Zeugnisse über Begegnungen mit dem Lebendigen Gott sollen Lust machen aber können nicht kopiert werden. Auch wir sind eingeladen! Zunächst mal über unsere eigenen Begegnungen nachzudenken. Vll sind sie verschüttet gegangen, aber...sie sollen dich ermutigen und erneut einladen. Mir fiel so manches ein…

„Sei stille dem Herrn und harre auf ihn! (PT halte deine Hoffnung lebendig während du das Verlangen nach Gott hast für dich durchzukommen)
Harre auf den Herrn und halte seinen Weg ein (PT So sei nicht ungeduldig mit dem Herrn, dass er eingreift; fahre fort dich beständig vorwärts in Seinen Wegen zu bewegen und er wird dich zur rechten Zeit erhöhen. Und wenn ER es tut, wirst du jede Verheißung besitzen, zusammen mit deinem vollständigen Erbe). Ps 37,7.34 (s.a. Micha 7,7; Jes 8,17)

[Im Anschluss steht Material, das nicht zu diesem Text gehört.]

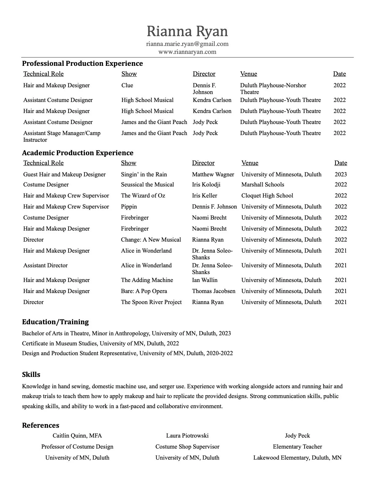 Rianna has been involved in theatre, music, and fine arts since she was little. She attended The University of Minnesota-Duluth where she received a BA in Theatre with a minor in Anthropology and a Museum Studies Certificate.

Das hebr. Wort für „harren“ in Ps 37,7 hat zwei Bedeutungen: „Geburtsschmerz“ oder „sich tanzend in der Luft drehen“. Beides erfordert Fokussierung und Kraft.
„Wir sollen mit unnachgiebiger Entschlossenheit und Fokussierung auf Gott warten – so wie Jakob mit dem Engel rang. Um geduldig harren zu können, bedarf es einer intensiven Fokussierung. Es gibt Phasen im Leben, in denen es nicht nur akzeptabel ist, in viele Aktivitäten involviert zu sein, sondern gut. Aber es gibt auch Phasen, in denen es verheerend ist.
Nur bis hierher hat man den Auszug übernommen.